▶ _EXERCISE OBJECTIVE_:
Return the material below exactly, but only from the line with "Under Armour UA" through the line with "dorata (cm 80x61)", and without its pictures.

▶ _DATA_:
================
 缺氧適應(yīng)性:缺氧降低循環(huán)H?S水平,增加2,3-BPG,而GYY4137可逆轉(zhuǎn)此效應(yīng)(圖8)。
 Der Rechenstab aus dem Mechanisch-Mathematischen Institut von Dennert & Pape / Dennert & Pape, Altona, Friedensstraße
================
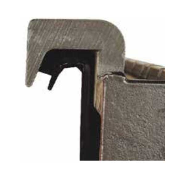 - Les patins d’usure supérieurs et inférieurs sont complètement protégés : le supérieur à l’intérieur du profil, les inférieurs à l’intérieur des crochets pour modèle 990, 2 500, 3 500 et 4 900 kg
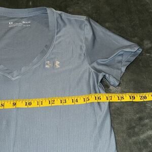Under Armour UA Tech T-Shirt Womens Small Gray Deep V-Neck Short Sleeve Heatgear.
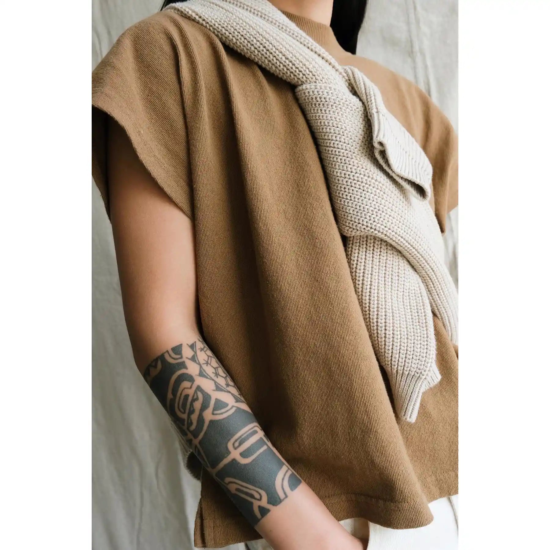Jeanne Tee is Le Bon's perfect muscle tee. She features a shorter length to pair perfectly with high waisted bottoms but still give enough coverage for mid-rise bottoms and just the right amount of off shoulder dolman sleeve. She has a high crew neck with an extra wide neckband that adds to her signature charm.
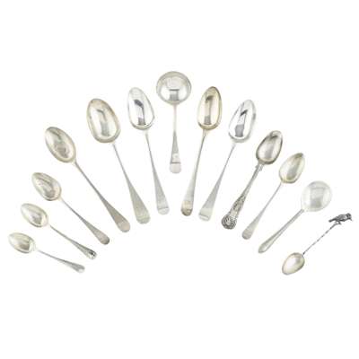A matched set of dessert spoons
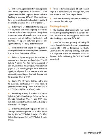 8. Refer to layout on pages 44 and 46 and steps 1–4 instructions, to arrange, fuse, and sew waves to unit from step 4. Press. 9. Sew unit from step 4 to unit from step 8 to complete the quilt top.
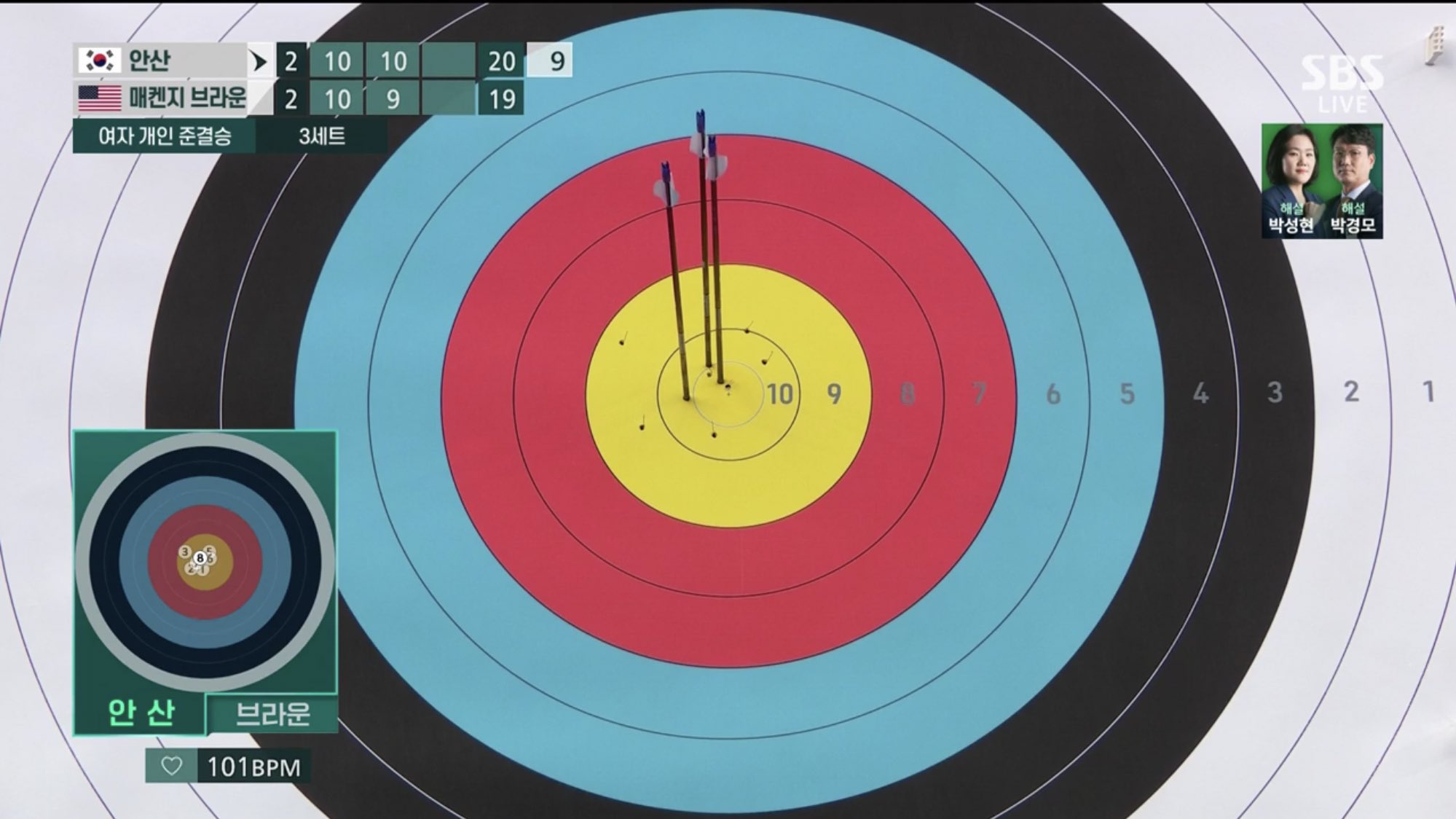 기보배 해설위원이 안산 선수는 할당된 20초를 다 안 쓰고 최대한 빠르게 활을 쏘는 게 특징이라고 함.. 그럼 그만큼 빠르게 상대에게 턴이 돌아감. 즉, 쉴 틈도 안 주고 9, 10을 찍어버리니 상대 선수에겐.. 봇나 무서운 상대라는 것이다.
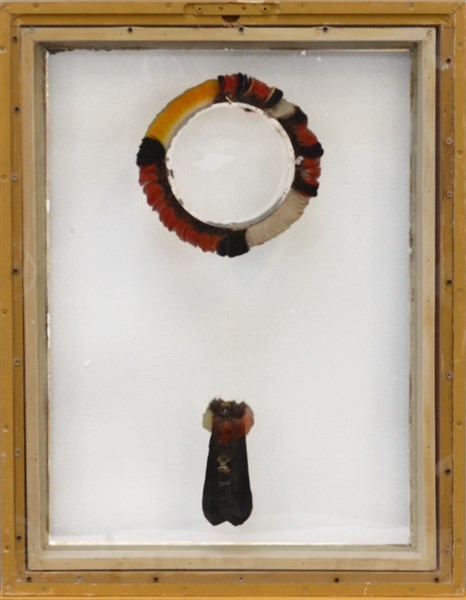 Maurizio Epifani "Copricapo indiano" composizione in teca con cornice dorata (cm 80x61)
================
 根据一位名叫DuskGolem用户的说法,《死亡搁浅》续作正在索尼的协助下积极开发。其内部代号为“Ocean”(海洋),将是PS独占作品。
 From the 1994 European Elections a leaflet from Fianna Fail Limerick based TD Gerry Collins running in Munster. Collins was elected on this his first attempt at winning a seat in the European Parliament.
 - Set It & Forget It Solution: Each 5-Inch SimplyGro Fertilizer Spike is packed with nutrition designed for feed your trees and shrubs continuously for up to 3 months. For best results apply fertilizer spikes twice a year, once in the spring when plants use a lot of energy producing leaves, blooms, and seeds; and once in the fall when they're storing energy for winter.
================
▶ _COMPLETED EXERCISE_:
Under Armour UA Tech T-Shirt Womens Small Gray Deep V-Neck Short Sleeve Heatgear.
Jeanne Tee is Le Bon's perfect muscle tee. She features a shorter length to pair perfectly with high waisted bottoms but still give enough coverage for mid-rise bottoms and just the right amount of off shoulder dolman sleeve. She has a high crew neck with an extra wide neckband that adds to her signature charm.
A matched set of dessert spoons
 8. Refer to layout on pages 44 and 46 and steps 1–4 instructions, to arrange, fuse, and sew waves to unit from step 4. Press. 9. Sew unit from step 4 to unit from step 8 to complete the quilt top.
 기보배 해설위원이 안산 선수는 할당된 20초를 다 안 쓰고 최대한 빠르게 활을 쏘는 게 특징이라고 함.. 그럼 그만큼 빠르게 상대에게 턴이 돌아감. 즉, 쉴 틈도 안 주고 9, 10을 찍어버리니 상대 선수에겐.. 봇나 무서운 상대라는 것이다.
 Maurizio Epifani "Copricapo indiano" composizione in teca con cornice dorata (cm 80x61)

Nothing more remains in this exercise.